В действительности, Келпи безумно редкая и дорогая собака. Выведены они не так давно. Первые упоминания о них относятся к концу XIX века. В частности, говорится что впервые в истории Австралии состязания овчарок, которые происходили в 1872 году, выиграл некий Королевский Келпи. Его родители известны, но остальных предков проследить уже не удается.
Перечислю всего несколько особенностей этой породы:
— Самки приносят потомство не чаще одного раза в четыре года. Обычно это всего 2–3 щенка.
— У этой породы наибольший вес мозга, по сравнению с другими собаками.
— Они обладают гипнотическими способностями (гипнотизируют своих противников!!)
— Считается, что Келпи обладают даром предвидеть будущее
— Эти собаки ДЕЙСТВИТЕЛЬНО умеют улыбаться.
Первый щенок Келпи, привезённый в Россию в 2003 году, был куплен на австралийской племенной ферме Enfinvale за 7.000 евро.
Своё название Хилеры получили не от английского healer — целитель, а от heeler — пятка!!! Приблизительно в 1770 году первые представители этой породы ступили с кораблей колонистов на раскалённые пляжи Австралии. С прохладной палубы — в огненный песок!! Несчастные псы, подвывая, заплясали на пятках, судорожно тряся обожжёнными передними лапами.
— Хилеры, хилеры, — загоготали переселенцы. Имя породе было придумано.
На самом же деле Хилер это дичайшая смесь всевозможных пород, завезённых в XVIII веке в Австралию.

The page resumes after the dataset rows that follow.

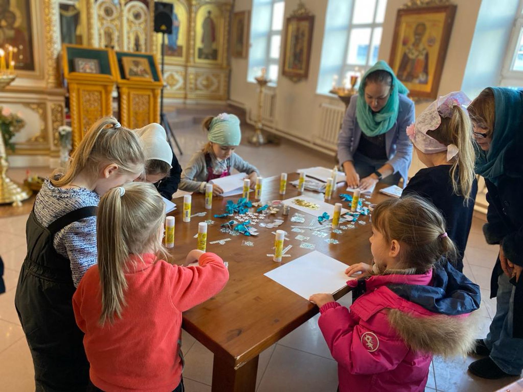 Для детей в храме проводились различные мастер-классы по рисованию и созданию аппликаций.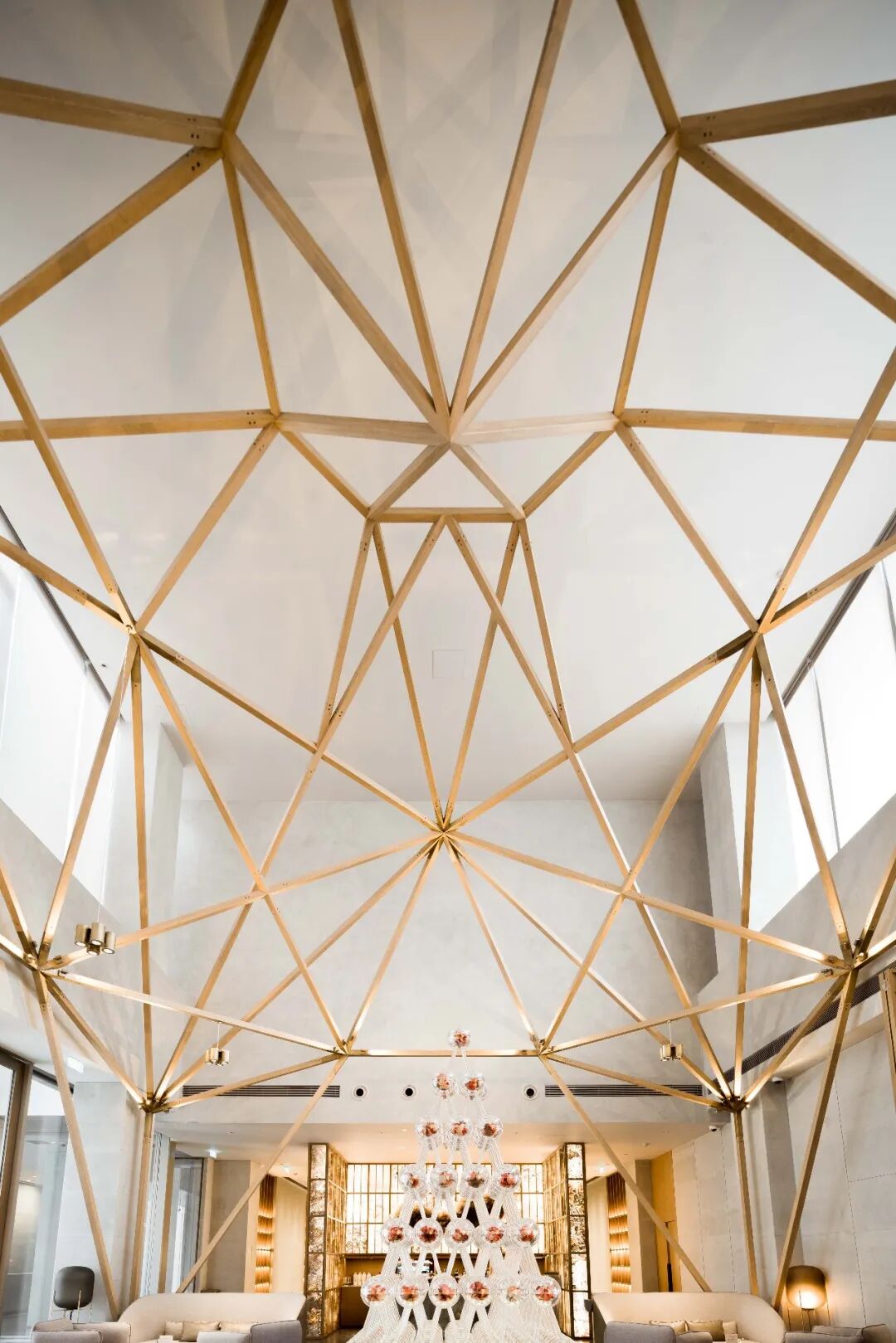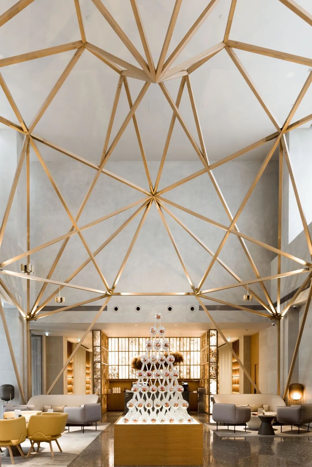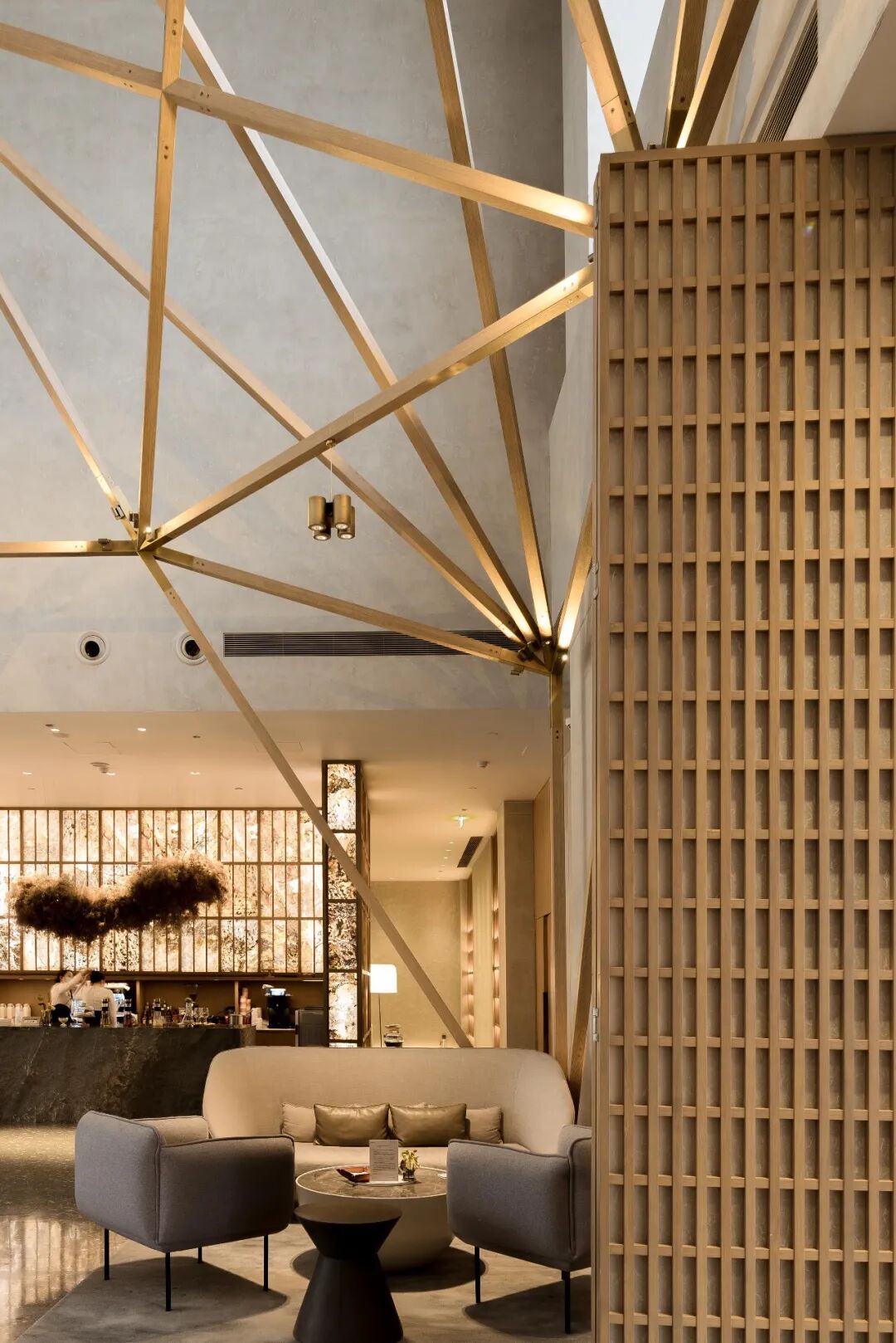 洽谈区中央的吊顶,将传统的卯榫工艺与现代空间艺术进行融合,像一个装置一般悬置空中,似乎勾勒出了时间的形态,给人超现实的神秘体验。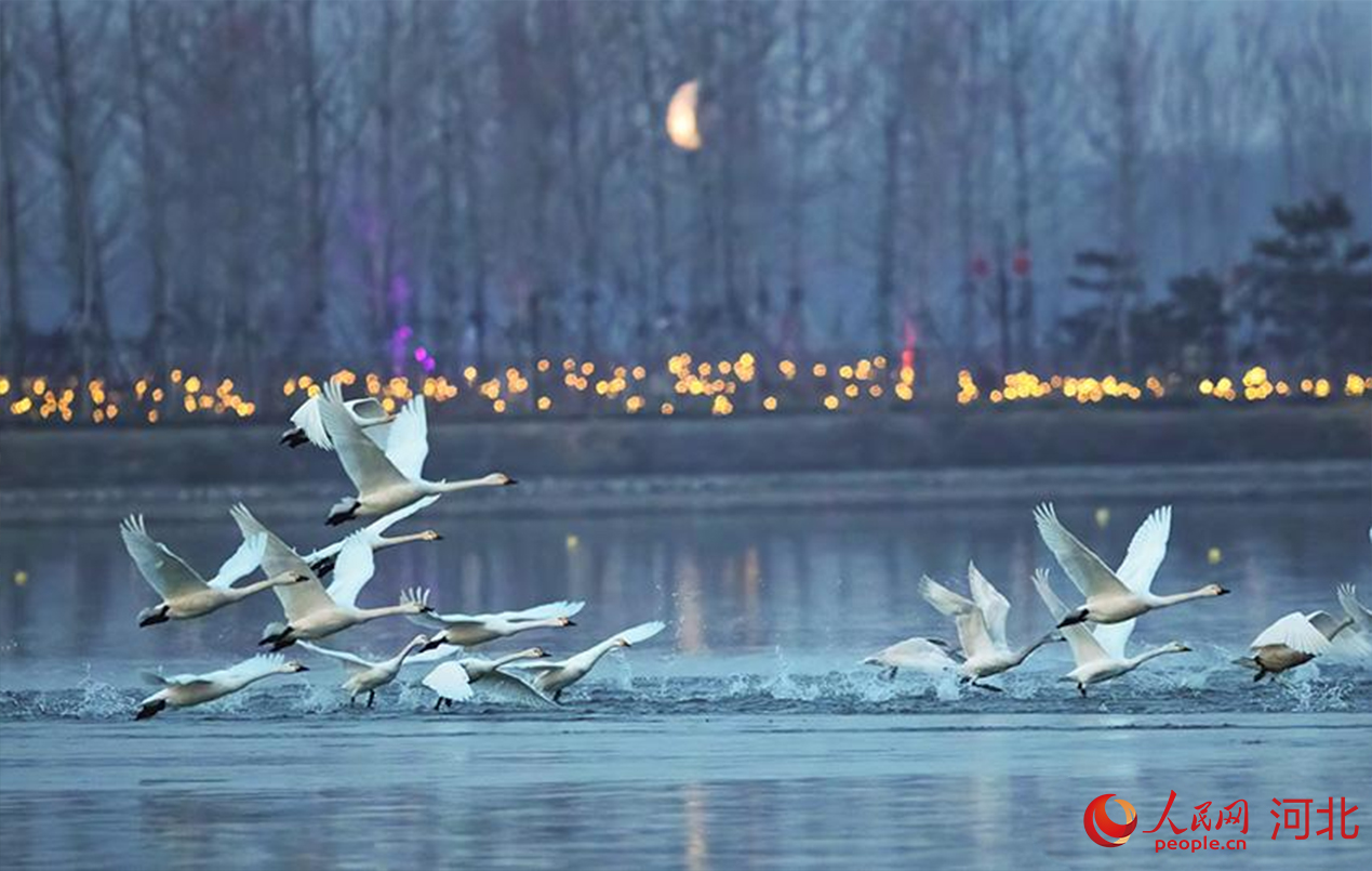 河北省石家莊市滹沱河葉子廣場東側的水面上,數百只白色的精靈小天鵝在這里嬉戲。 劉洵攝

1976 год вся революционно настроенная, а, следовательно, прогрессивная часть населения планеты готовилась к празднованию пятидесятилетия великого команданте Фиделя Кастро. Советский Союз прислал имениннику в подарок эскадрилью МИГов, коммунисты ГДР боевую субмарину, французские социалисты — несколько ящиков коньяка, юный боец Кампучии — штык-нож. Заверения в дружбе и солидарности, подарки и сувениры, поздравительные письма и телеграммы стекались в Гавану со всего мира. Вопрос о презенте встал и перед немногочисленной компартией Шотландии, и вот уже битый час члены ЦК обсуждали, что бы преподнести в дар бессменному борцу с мировым империализмом. Килт явно не подходил к, никогда не снимаемому, защитного цвета френчу, виски команданте презирал, как излюбленный напиток янки, волынка тоже как-то не вписывалась в кубинские ритмы. Первая здравая мысль пришла в голову старейшему члену ЦК, ветерану-докеру Э. Грэхему.
— А у меня, это…, — важно прогудел он в усы, — внук… Домой, гадёныш, принёс, значит. Говорит, вроде, купил… Хотя где-то украл, негодник… Этого, типа, щенка… Колли, то есть. Но, вишь ты, не просто колли, а с бородой. О, как. Это порода, выходит такая, наша, шотландская. Бородатый колли. Сечёте, что говорю? Товарищ Фидель — бородатый, а мы ему нашего, значит, колли, и с бородой. Вот, чё надо-то…
Предложение было принято единогласно. В зоомагазине куплен щенок Bearded Collie с уже сделанными прививками и собачьим паспортом. Доставить подарок, было поручено одному из товарищей, который несколько лет проработал в чилийском порту и клялся, что свободно владеет испанским.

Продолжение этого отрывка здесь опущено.